### TASK OBJECTIVE
What the answer must hold is the line containing "Детали: прямой крой, слегка" and all lines after it through the end of the listing, copied exactly, with pictures left out.

### GIVEN DATA
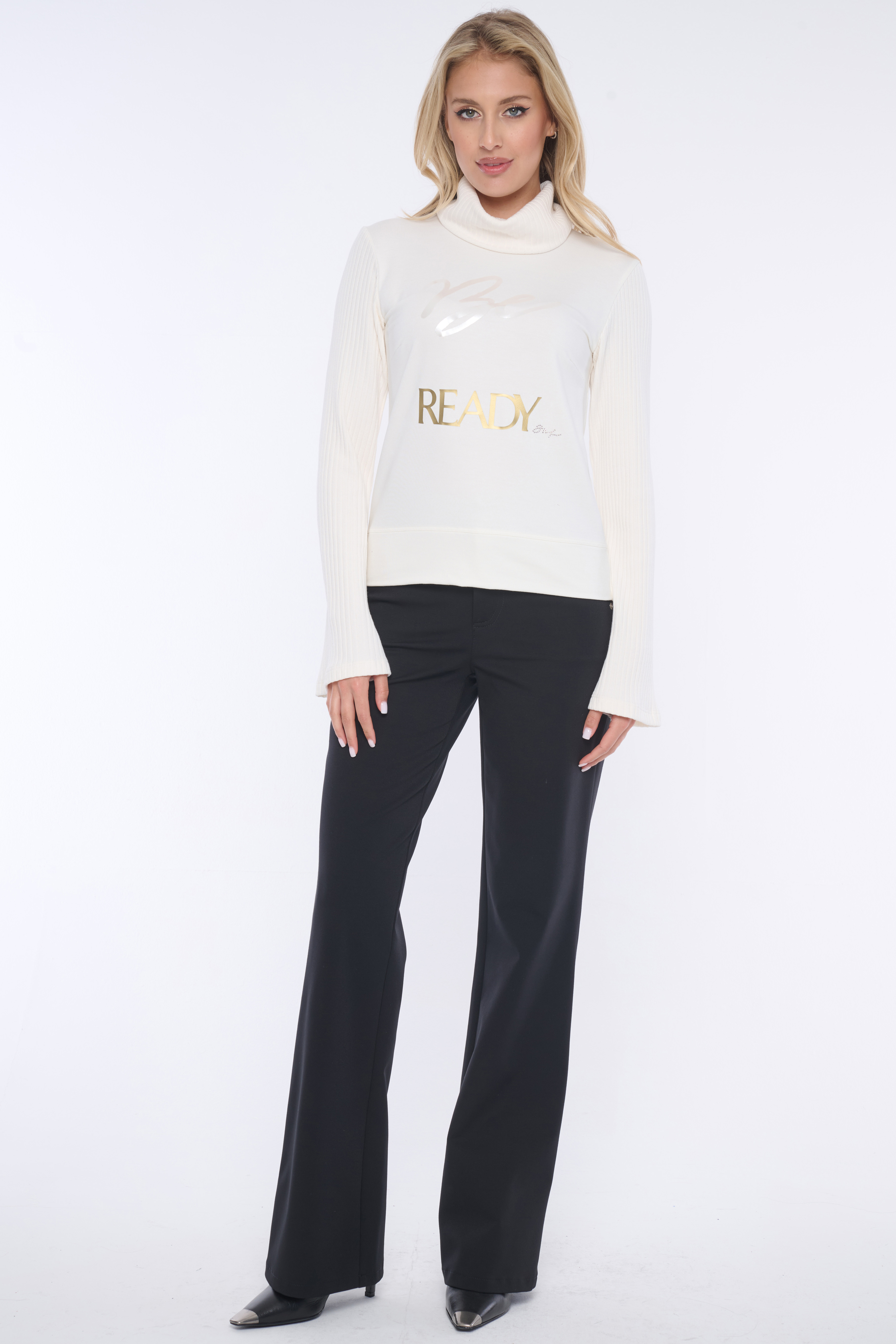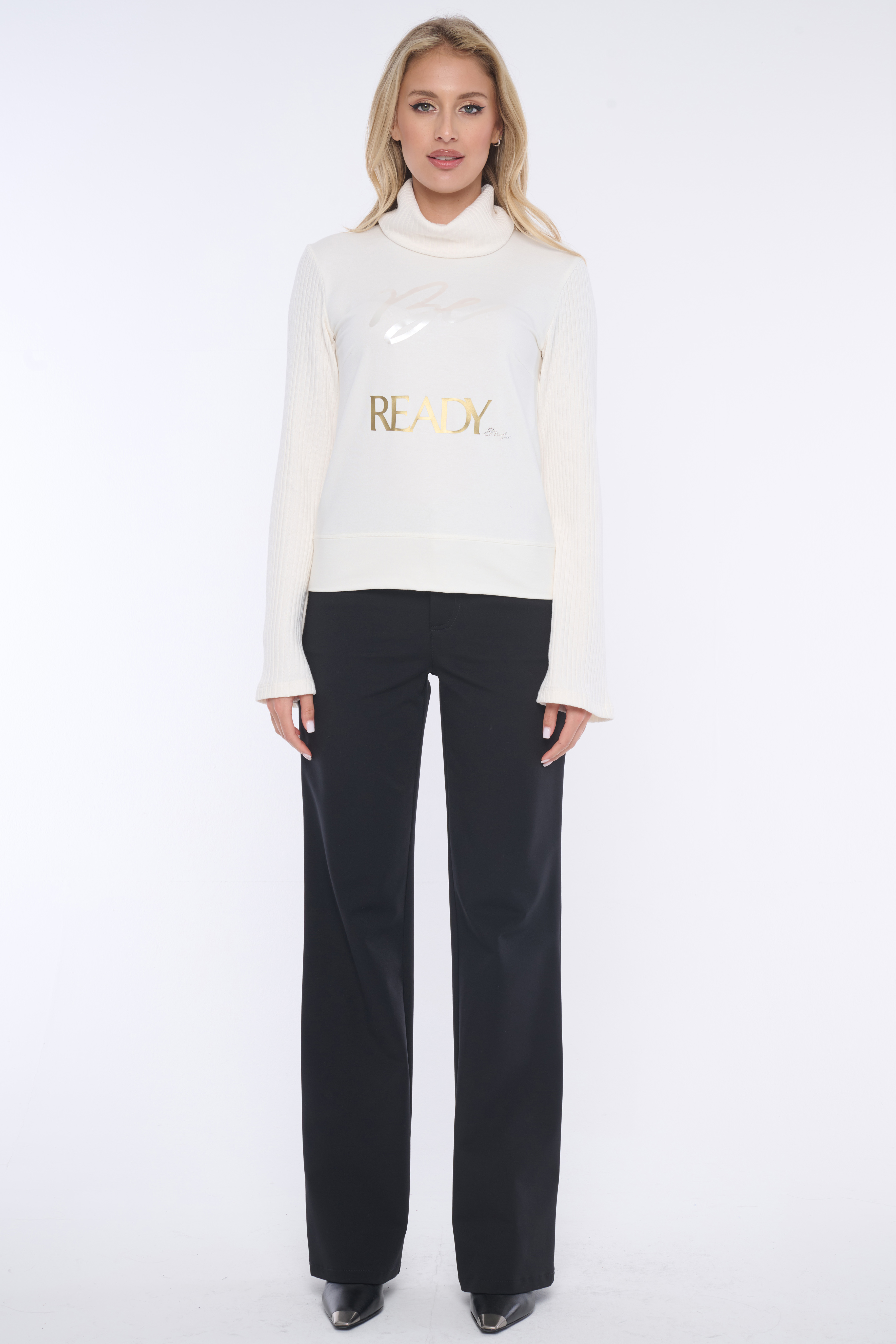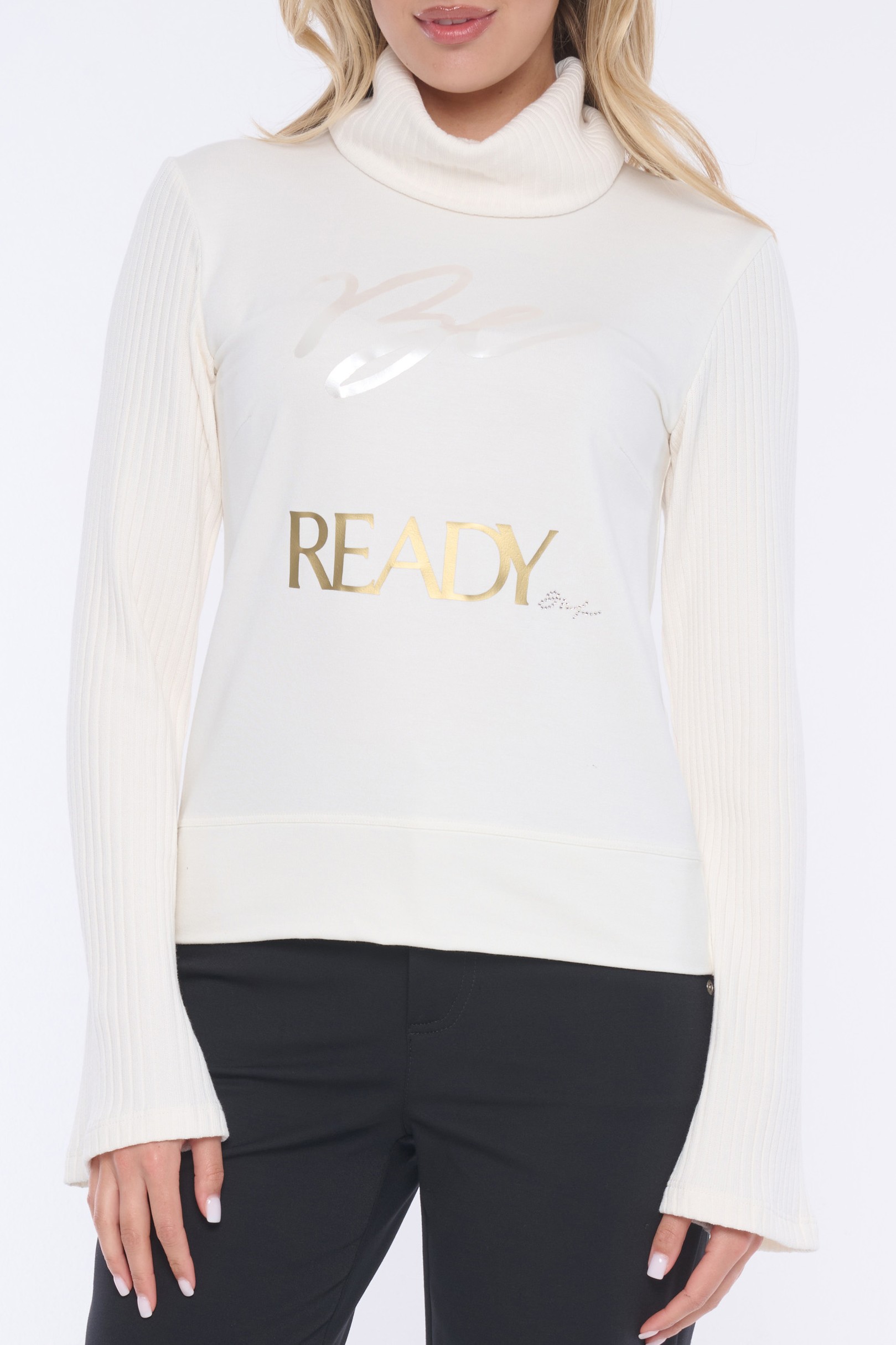 Rolák s dlouhým rukávem. Kombinace s "rib" úpletem. Na předním díle aplikace - výšivka "Be ready" a minimalistické logo INF z krystalů Swarovski.
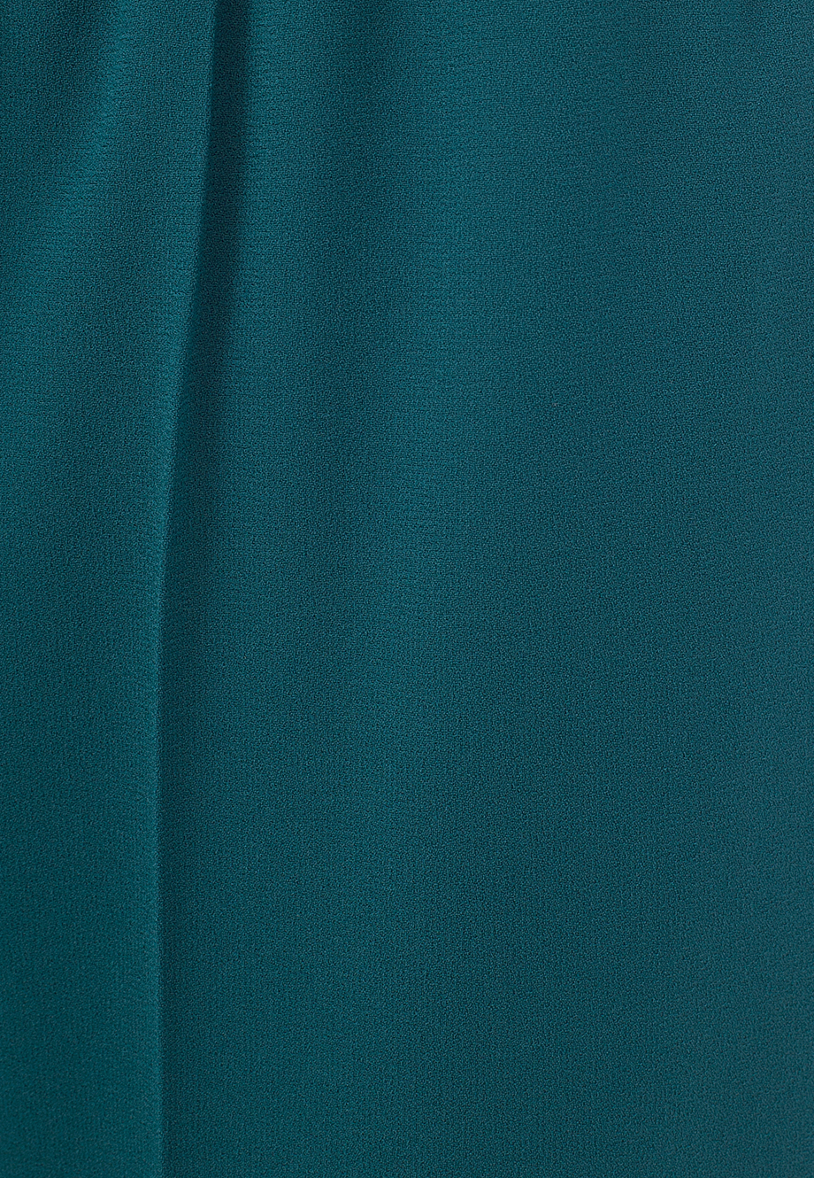 Детали: прямой крой, слегка зауженный книзу, средняя посадка, эластичный пояс на кулиске, декоративные золотистые люверсы. Французские карманы по бокам, сзади два прорезных с рантом. Выраженные стреми вдоль штанин, широкий отворот по низу.
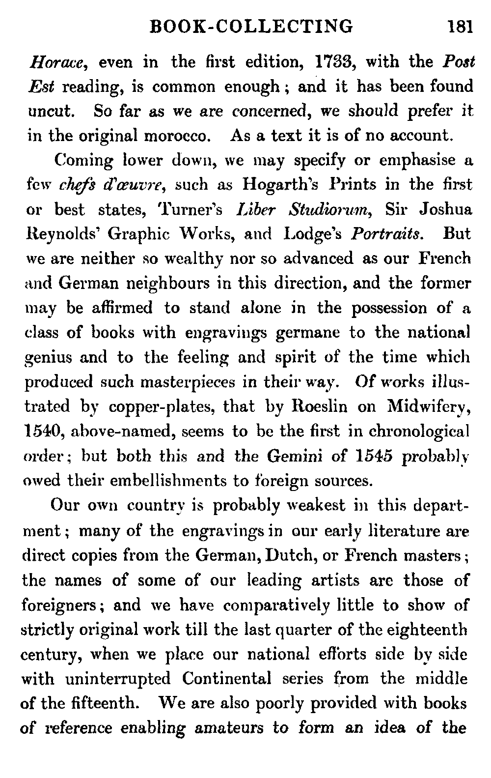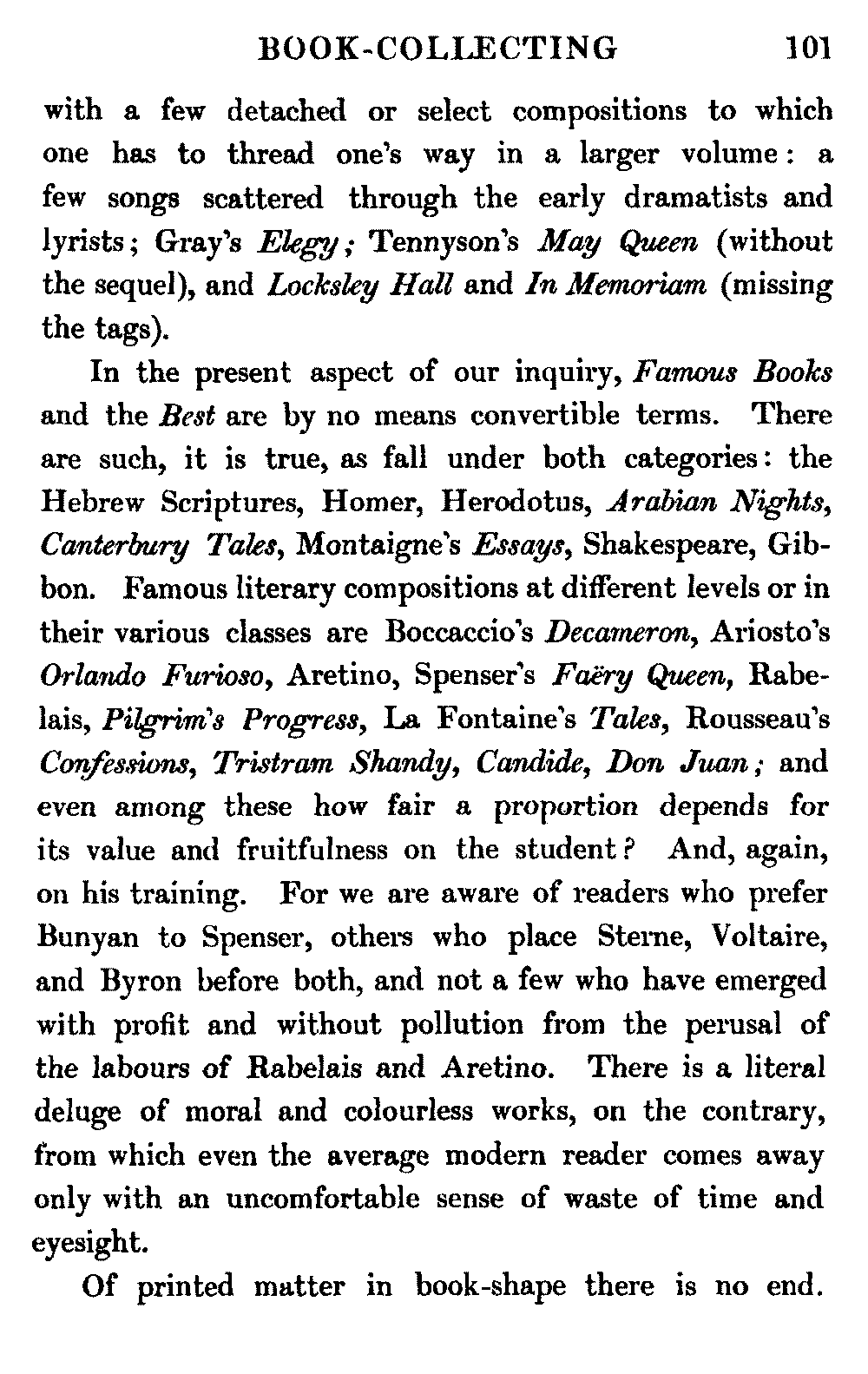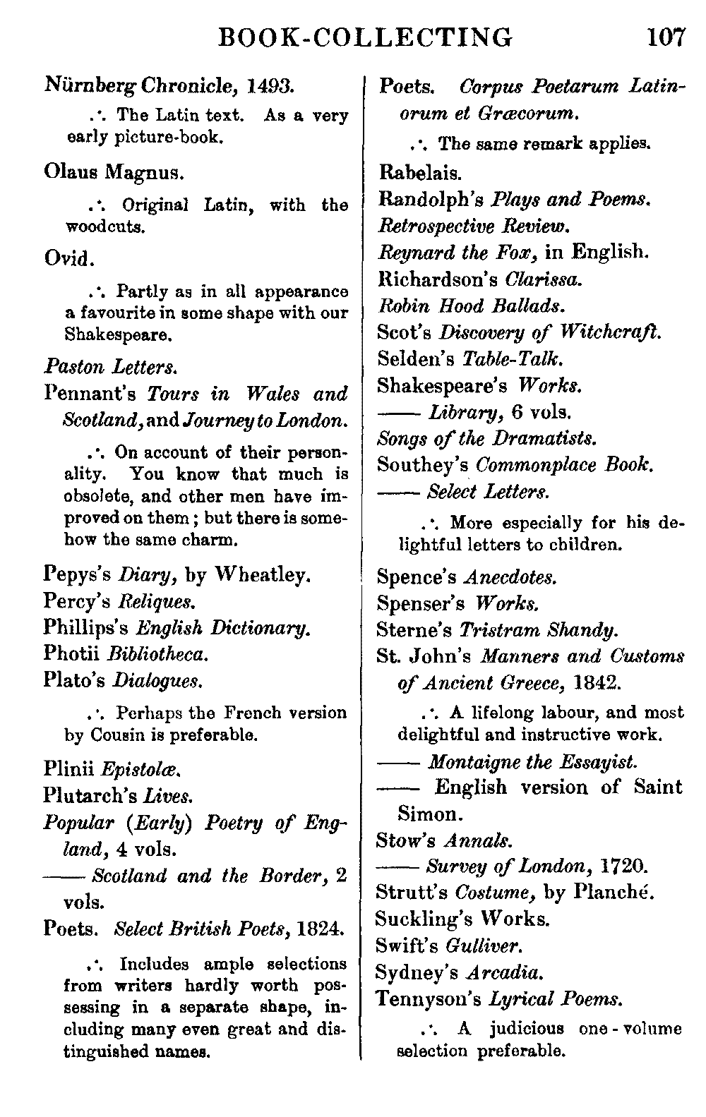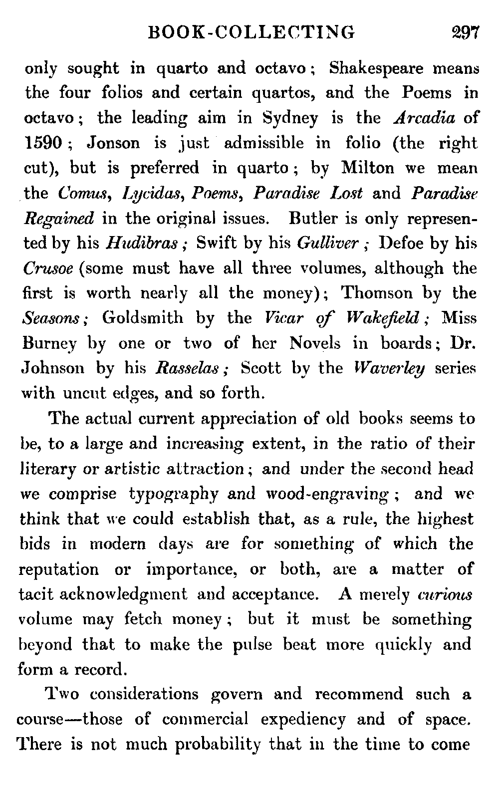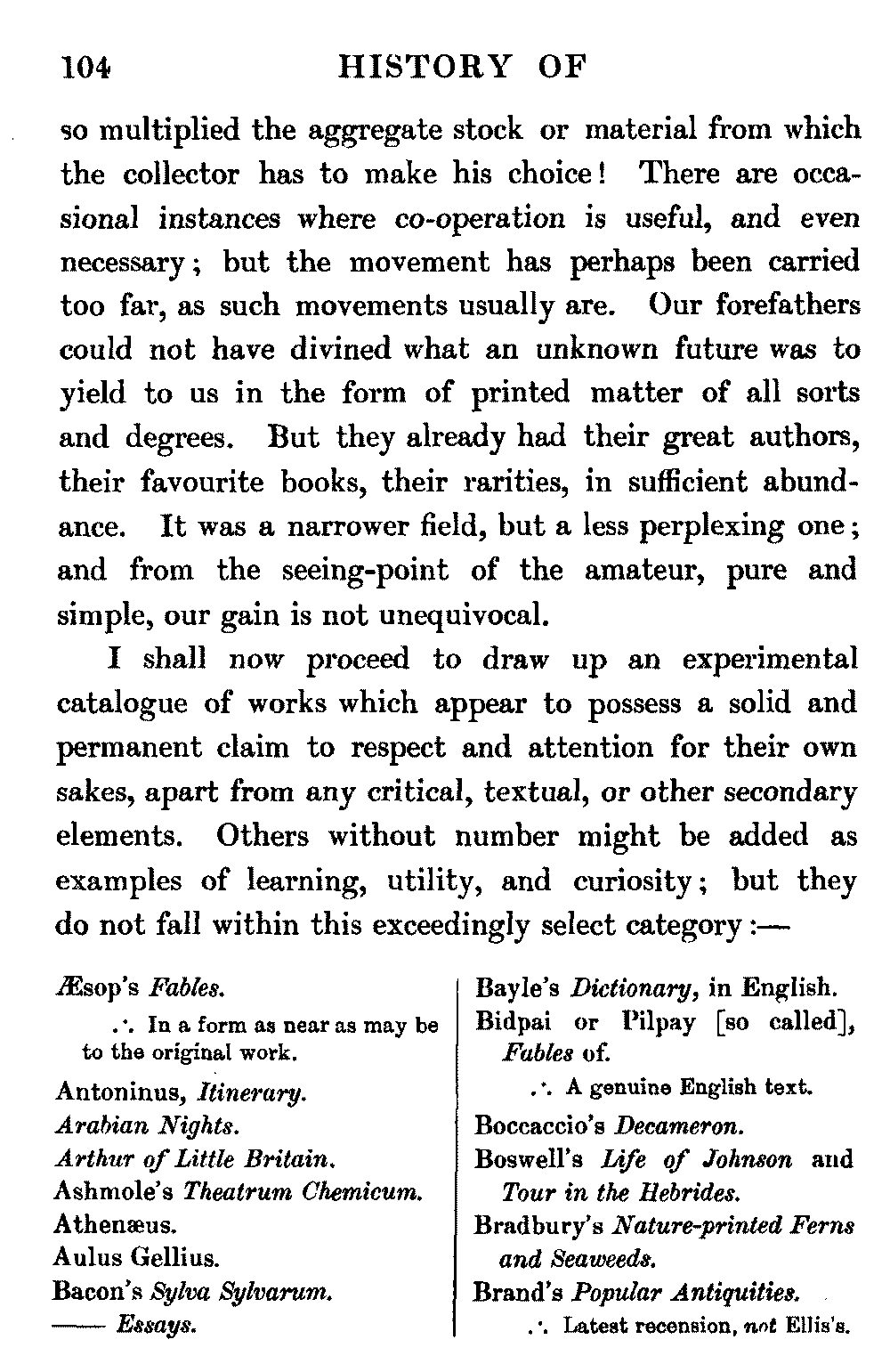 P. 103. Books Appreciable on Special Grounds.—Among these are—Pennant's Tour in Scotland, 1769, and White's Selborne, 1785. Everybody is aware that there are better works on Scotland than Pennant's, and better accounts of birds, those of Selborne included, than White's. But we desire the two heirlooms, as their authors left them, pure and simple. We prefer not to have to disentangle the two pieces of eighteenth century workmanship from the editorial and artistic improvements which have overlaid them. A much-edited writer becomes a partner in a limited company without a vote. His pages are converted by degrees into an arena where others commend him above his deserts, or what might have been his wishes, while here and there he finds a commentator, whose aim is to convince you how superior a job he would have made of it had it been left to him.

### ANSWER TO THE EXERCISE
 Детали: прямой крой, слегка зауженный книзу, средняя посадка, эластичный пояс на кулиске, декоративные золотистые люверсы. Французские карманы по бокам, сзади два прорезных с рантом. Выраженные стреми вдоль штанин, широкий отворот по низу.
 P. 103. Books Appreciable on Special Grounds.—Among these are—Pennant's Tour in Scotland, 1769, and White's Selborne, 1785. Everybody is aware that there are better works on Scotland than Pennant's, and better accounts of birds, those of Selborne included, than White's. But we desire the two heirlooms, as their authors left them, pure and simple. We prefer not to have to disentangle the two pieces of eighteenth century workmanship from the editorial and artistic improvements which have overlaid them. A much-edited writer becomes a partner in a limited company without a vote. His pages are converted by degrees into an arena where others commend him above his deserts, or what might have been his wishes, while here and there he finds a commentator, whose aim is to convince you how superior a job he would have made of it had it been left to him.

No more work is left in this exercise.